Zonnevelden exploiteren. door wie?
In een aantal kernen van onze gemeente zijn coöperaties van burgers en groepen burgers al volop bezig met het maken van plannen voor verduurzamen en voor de energietransitie Lokale initiatieven dienen te gaan vóór particuliere initiatieven. Zie bijvoorbeeld “Klimaatplein Heusden”, waarin groepen uit Hedikhuizen, Herpt Heusden-vesting, Doeveren en Heesbeen samenwerken.
Dat is een sociaal en gemeenschapsvormend proces, waardoor ook de vitaliteit in de kernen wordt bevorderd. De plaatselijke groepen gebruiken de opbrengst van de zonnevelden om allerlei investeringen voor het verduurzaming in de kernen te kunnen betalen. Het exploiteren van zonnevelden door plaatselijke groepen die de opbrengst gebruiken voor het verduurzamen van hun kern dient voorrang te krijgen vóór de exploitatie door particulieren/ bedrijfsontwikkelaars.
Zonneveldlocaties en de landschappelijke inpassing
Het kiezen van locaties voor zonnevelden, het aanleggen daarvan en de landschappelijke inpassing dient zeer zorgvuldig te gebeuren. Voor de landschappelijke inpassing is 10% van de zonneveld-oppervlakte beschikbaar. Houtwallen dienen de zonnevelden zoveel mogelijk aan het zicht te onttrekken. Na het einde van de 25 jaar blijven de houtwallen voor een groot deel permanent, speciaal de noord-zuid gerichte houtopstanden, waardoor het oude slagenlandschap voor een deel kan herleven en het landschap blijvend een stevige impuls krijgt.
De aanleg van zonnevelden en de bodem
Het leggen van zonnepanelen heeft een groot effect voor de waterhuishouding, de lichtinval, de kwaliteit van de bodem dus. Om de ecologische kwaliteit en biodiversiteit te bevorderen dienen de panelen op een hoogte van tenminste 60 cm te worden geplaatst, dient op de bodem een kruidenlaag te worden aangelegd, moet het gebruik van pesticiden worden verboden en is er ’n flinke afstand nodig tussen de panelen. Schapen kunnen onder die panelen grazen. Meervpoudig gebruik dus.
Zonnevelden dienen te zorgen voor een maatschappelijke meerwaarde.

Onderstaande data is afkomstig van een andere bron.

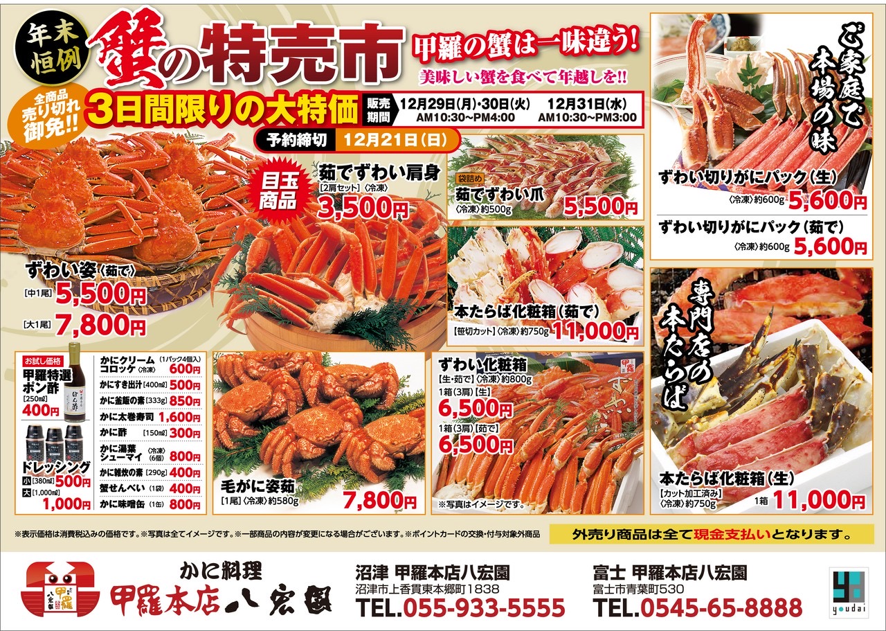 【富士市】12月29日~31日は年末恒例、お得な「蟹の特売市」です!「富士甲羅本店八宏園」
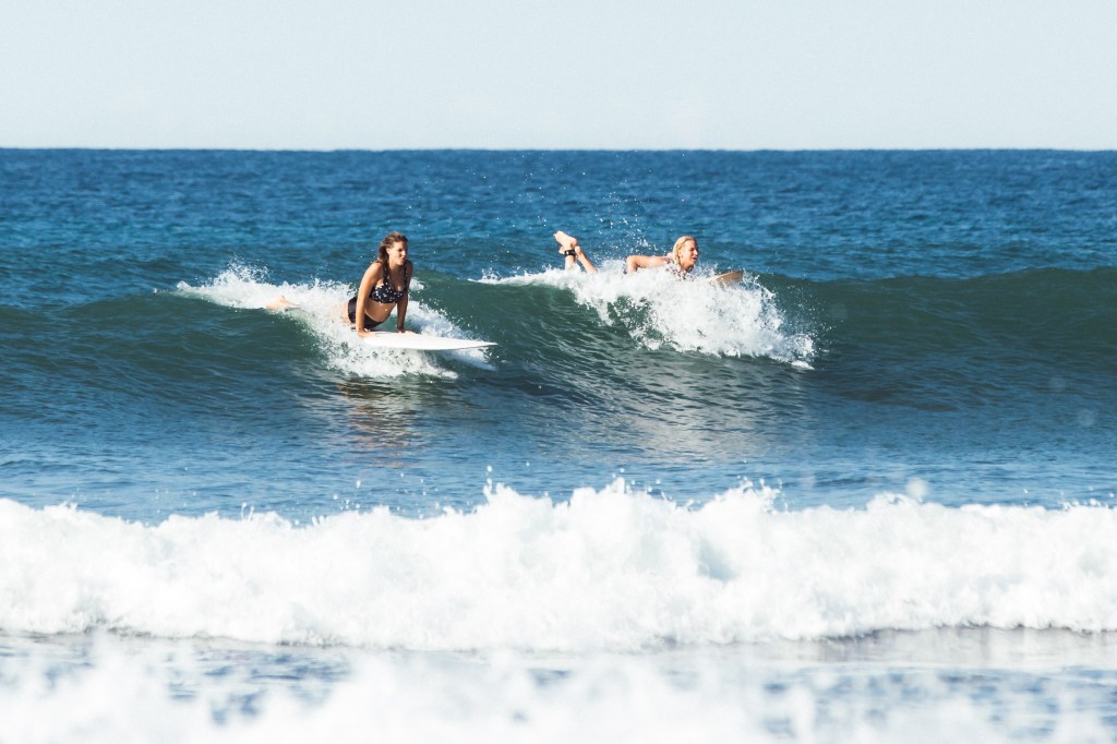 Surfing during surf lesson.
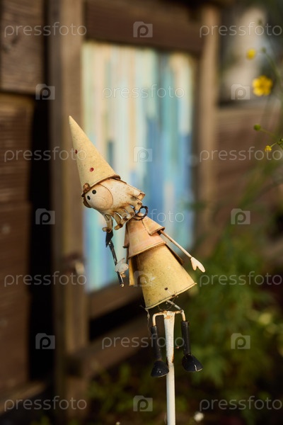 Очаровательная деревянная игрушка, восхитительно демонстрируемая в прекрасном саду на лоне природы
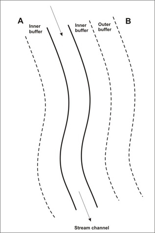 Figure 11. A sketch showing the geometry of light transmission to a stream including unobstructed direct incident radiation and light attenuated through a vegetative zone or buffer. The path length through the vegetation is a function of vegetation or buffer width, stream aspect, solar altitude and solar azimuth. Attenuation follows the principles embodied in Beer’s Law (Oke 1978).
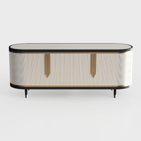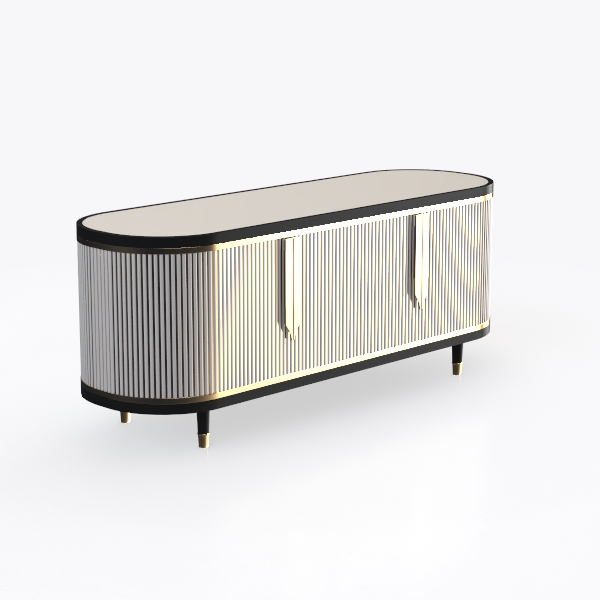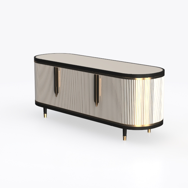 Inspired by Art Deco, this piece blends geometric precision with elegant details. Textured vertical stripes create a tactile rhythm; polished gold handles and a sleek black border add luxury, balancing strikingness and warmth. Ideal for modern-luxury living rooms, it pairs with marble coffee tables and metallic lamps, elevating space’s sophistication. Spacious storage with smooth-closing doors ensures functionality, keeping areas clutter-free.
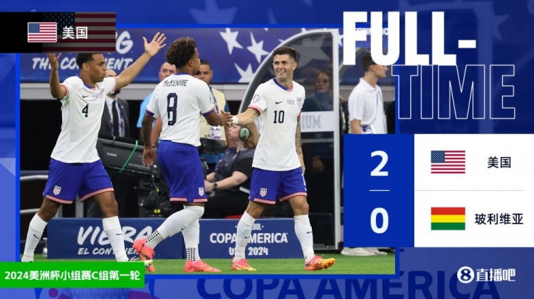 6月24日讯 北京时间6月24日6点,美洲杯小组赛C组第一轮,美国对阵玻利维亚。上半场,普利西奇开场不到3分钟打破僵局,半场结束前他助攻巴洛贡扩大比分。下半场美国依旧多次创造机会但未能再度破门。全场比赛结束,美国2-0玻利维亚。
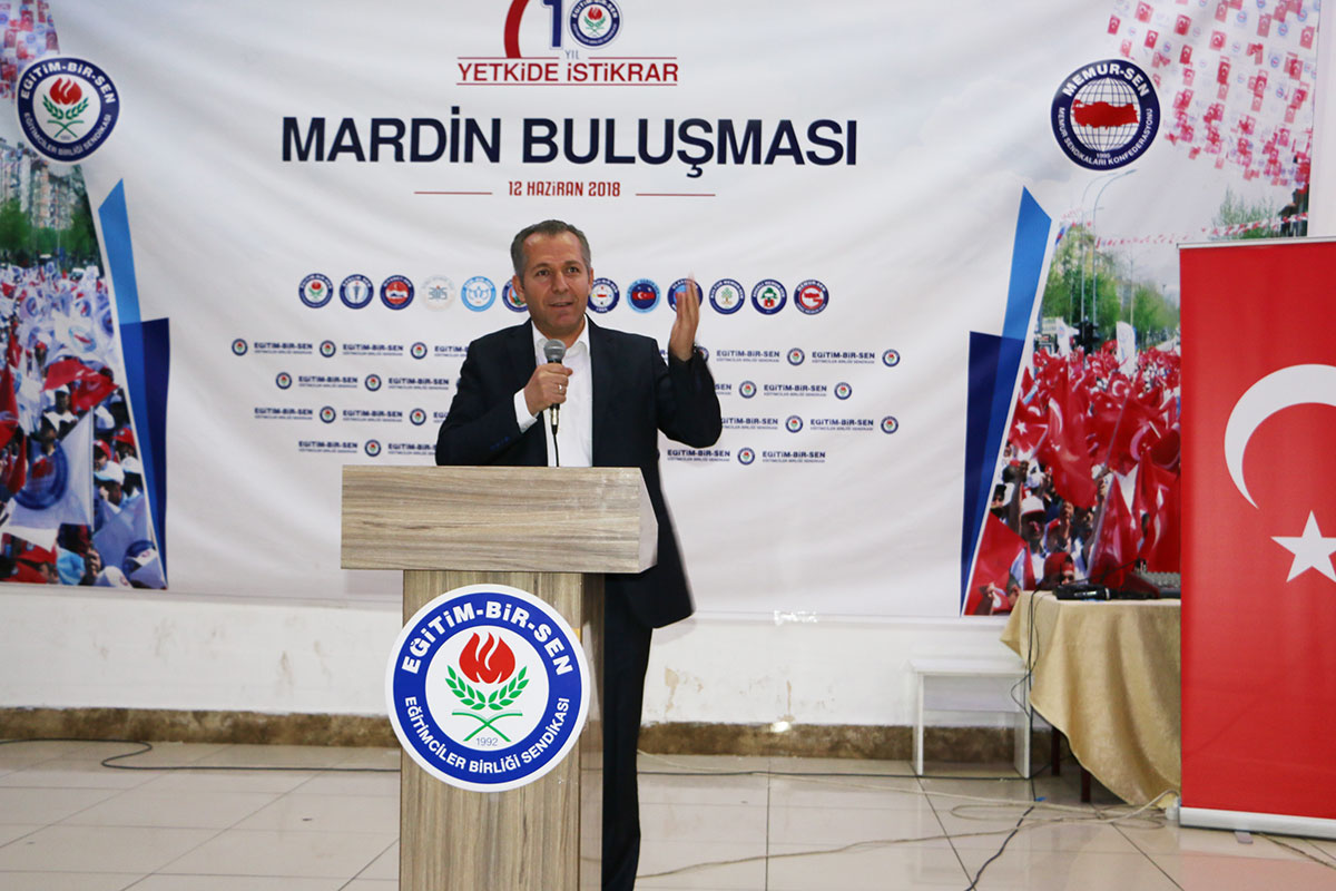 Mardin’de teşkilata seslenen Memur-Sen Genel Başkan Yardımcısı Mehmet Emin Esen, 24 Haziran seçimlerine yönelik değerlendirmelerde bulundu. Esen, “Kazanımlarımıza gözümüz gibi bakamazsak, gözümüzün yaşına bakmazlar. Biliyoruz. Bizim derdimiz; 16 Nisan’da kazandıklarımızı 24 Haziran’da kaybetmemek. Oylarımız; FETÖ’ye saadet, PKK’ya memnuniyet, Suriyeli kardeşlerimize mağduriyet, Kudüs’e, Mescid-i Aksa’ya ihanet, Emperyalistlere cesaret, olmasın” dedi.

Een stevige impuls voor de (uitgemolken) grond zorgt voor een maatschappelijke meerwaarde doordat de biodiversiteit op het zonneveld dan sterk toeneemt. Die stevige maatschappelijke meerwaarde (naast goede landschappelijke inpassing) dient het uitgangspunt van het beleid te zijn. Draagt de zonneontwikkelaar minder bij aan bijvoorbeeld de biodiversiteit, dan moet hij een flinke bijdrage (bv de helft van het rendement) storten in een duurzaamheidsfonds.
Zoals er ook een gemeentelijk landschapsfonds bestaat, waarin bijdragen moeten worden gestort als er bij agrarische uitbreiding in het buitengebied onvoldoende kwaliteits-verbetering is, zo kan er nu een duurzaamheidsfonds komen. Zonneontwikkelaars die slechts willen voldoen aan minimale inrichtingseisen (geen pesticiden, panelen op 50cm hoogte en panelendichtheid van 60%) storten hierin jaarlijks hun bijdrage. Dit vereist maatwerk.
De inwoners profiteren van de storting in het duurzaamheidsfonds omdat daaruit kredieten voor investeringen in duurzaamheid/energietransitie kunnen worden verstrekt.
Handhaving van de afspraken over landschappelijke inpassing en exploitatie
Goede controle en handhaving van aanleg landschappelijke inpassing en aanleg/exploitatie zonnevelden is noodzakelijk. Als de gemeente ozb-belasting voor de zonnevelden gaat ontvangen (hetgeen nog niet zeker is), zou een deel van de opbrengst daarvan hiervoor kunnen worden gebruikt.
Zonnevelden bieden dus naast energie ook kansen voor het landschap, de natuur en de energietransitie in Heusden.